Michael Gillespie said...

He lives not too far from me, now.
But then again, I moved to England, so that's not too hard. I still haven't adjusted to how close together everything is here after living in MN for 20 years.

IamDevo said...

It seems to me that much of life is simply preparation for what comes next. Even as a child (or perhaps, especially) we learn "new" things in order to prepare us for what is to come. We learn to eat solid food, train our bowels and bladder, walk, run, then go to school to learn more things to prepare us to deal with the next thing coming down the proverbial pike. At a certain age, I should think the preparation process would dwell on what comes after this life. At least in my case, it's so. Of course, that presupposes that one believes there is a "next" thing after death, and in Mr. Clarkson's case, perhaps he does not believe anything awaits him after this life ends. I suppose that is now true for more people than in the past, which is a pity. A lot of folks nowadays have taken Pascal's wager and decided the odds favor a nugatory outcome. I'm not one of them. I haven't given up doing pleasurable things (at least insofar as I am able and not morally constrained) but I can't disregard the possibility that Jesus wasn't joking when he had that little tete-a-tete with the thief next to Him on Golgotha. Anyway, today I celebrate His Triumphal Entry and will next commemorate His death, burial and resurrection, so all the best to you. I hope you have a significant Easter.

iowan2 said...

I saw something in print a while back.
One guy meets up with a newly retired friend for morning coffee. Asks how he is finding retirement. The Friend respond, pretty good. He had already marked three things off his list for the day, and it's only 9:30. The man replies. You have a lot to learn. Pace your self. 3 errands done right, should last you all day.

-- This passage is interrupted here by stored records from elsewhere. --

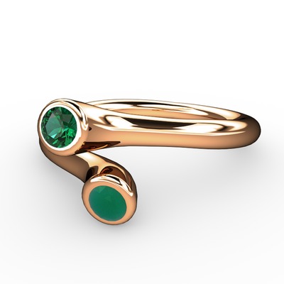 Yeşil kuvars ve kök zümrüt 8 ayar rose altın yüzük
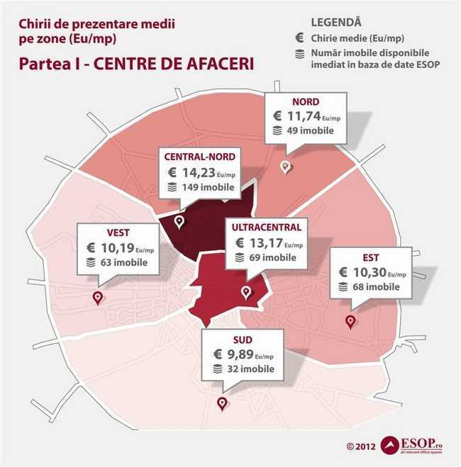 In zona ultracentrala a capitalei, chiria medie pentru un spatiu de birouri este de 13,17 euro/mp/luna, aceasta zona fiind urmata de nord, cu o chirie medie de 11,74 euro/mp/luna.
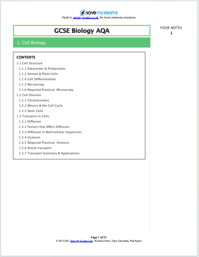 这是 Save My Exams 提供的 GCSE Biology AQA Revision Notes,专为备考 AQA GCSE 生物课程设计。这份资源以清晰的结构和重点内容总结,为学生提供高效复习工具。
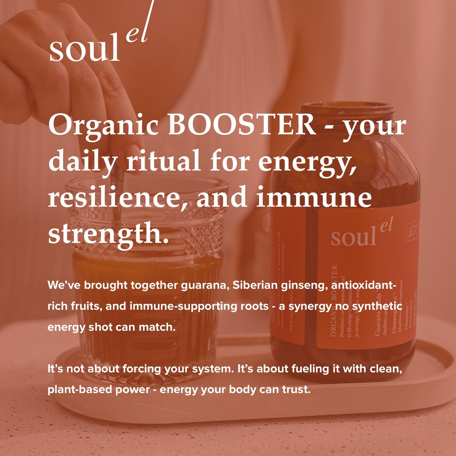 Organic BOOSTER is not a typical stimulant or a caffeine bomb. It is a whole-plant formula in which plants work synergistically — nourishing the body rather than artificially “switching it on.”
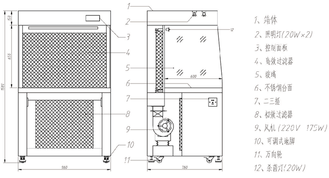 >>輔助配置:配潔凈日光燈,配一盞紫外線殺菌燈,配萬(wàn)向腳輪;

Farmers are experts in pacing themselves in the off season. A husband and wife came into the office early one morning because I needed both signatures. As they were leaving the wife asked what he was doing the rest of the day. He said nothing much. Wife asked if he didn't do that the day before???, Yep, but I never finished.

KellyM said...

I wonder if part of Clarkson's point of view comes from just being weary. Having watched a great volume of the Top Gear episodes over the years, there were many times when stunts went awry or complications ensued that resulted in not small injuries. Those pile up over time and with age become intolerable. I think of the episode where he was required to crash his reinforced semi-truck into a brick wall at speed. He came out of that one with a slight concussion, whiplash, broken ribs, and broken thumbs. In the Vietnam road trip special he crashed the wonky Vespa, getting nicely bruised and bloodied.

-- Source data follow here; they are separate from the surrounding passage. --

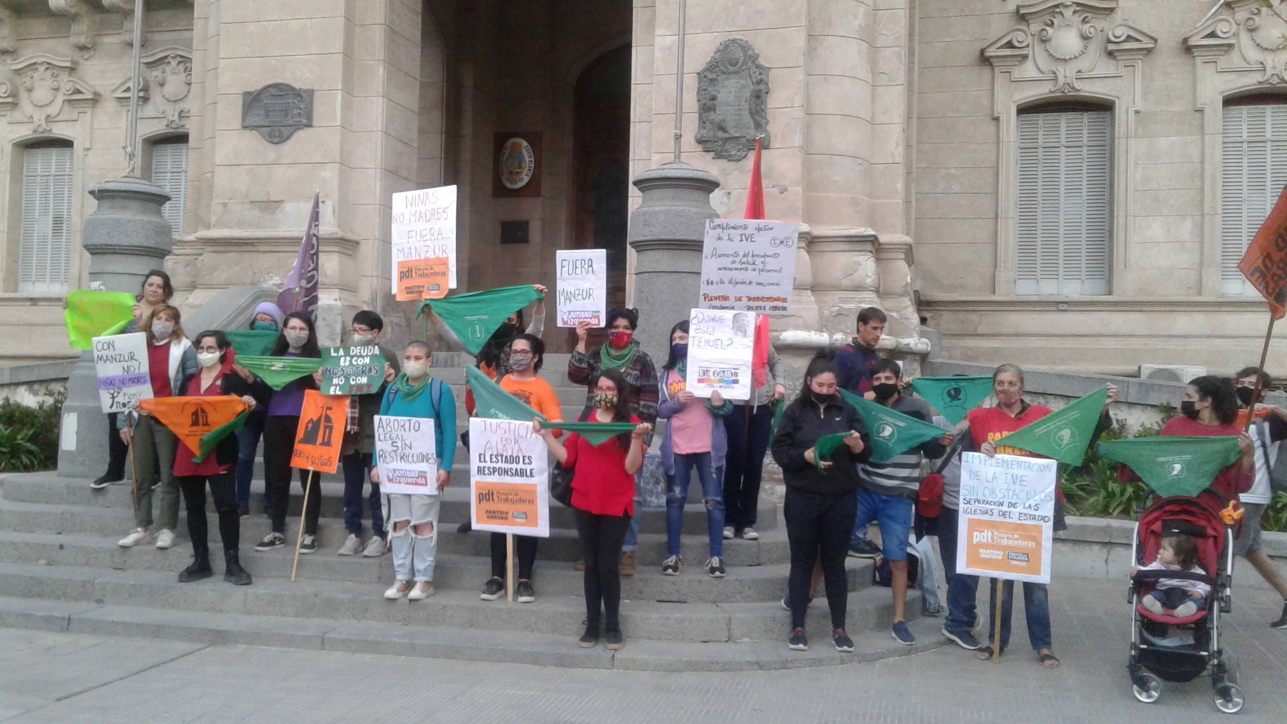 Con los característicos pañuelos verdes alzados, reclamaron además la liberación de quienes están “presas por abortar” y por que no haya más niñas “obligadas a gestar, parir y criar” y criticaron la designación de Juan Manzur, quien se manifestó en contra del aborto, como jefe de Gabinete de ministros.
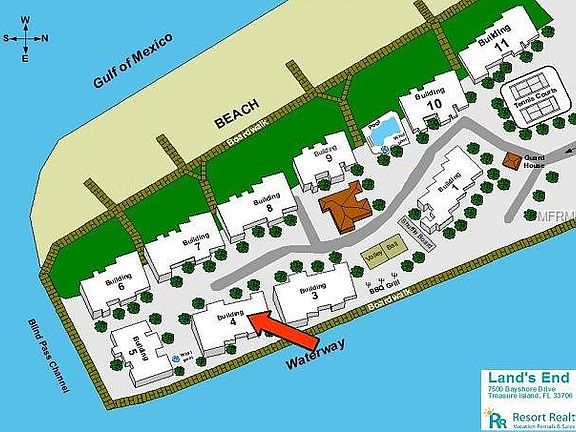 Paradise is found...Leave the Real World Behind at the Gate House of Lands End on the last 14 acres of manicured grounds on the southernmost peninsula of Sunset Beach. Here LUXURY WATERFRONT RESORT LIVING NEVER GETS OLD with 177 condos and a unique winding boardwalk that surrounds the property, endless seascapes, glorious sunsets, cool gulf breeze, the powdery sands of the Gulf of Mexico, and the Intracoastal Waterway where dolphin, manatee, sea birds, boaters, and dog beach will constantly entertain you with scenic delights. This condo is in pristine condition and offers a light and bright Florida feel from the front door all the way through to the views and sounds of the Intracoastal waterway. Land's Ends offers 7 night minimum rental restriction...Great Rental, Second Home or Primary Residence. Call for information on each. Surrounded by Water on three sides, 24 hour gated, Olympic size pool, two hot tubs, two tennis courts, sand volleyball court, shuffle board courts, cookout area with grills. Come and have fun...Condo being sold As-Is
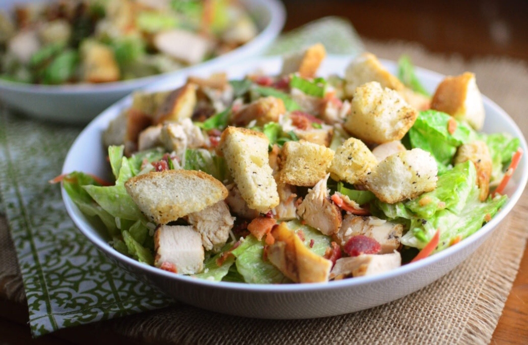 Теперь перейдем к основным ингредиентам. Твердый сыр натрите на крупной терке. Куриное филе, огурцы, сладкий перец и лук нарежьте кубиками среднего размера. Все нарезанные ингредиенты аккуратно объедините в одной миске, добавьте майонез, приправьте солью и перцем по вкусу. Выложите получившуюся смесь на листья салата, а сверху посыпьте ароматными сухариками. Ваш салат готов и идеально подойдет как для повседневного обеда, так и для праздничного стола.

The other part is that he's a natural curmudgeon and enjoys it. Still, he's blessed with his children and that's more than many can say.

SoLastMillennium said...

This is another post where you should read the article before commenting. Once I did my attitude changed.

It is witty and articulate as he comments on aging and the changes it brings. I will speculate that he is affected by outliving his father even at the young age of 62. He might also be burdened by no longer being able to do the work he was very good at and seemed to love. 62 is to soon for productive and fulfilling life to end but it is long enough to have a rich and complete one.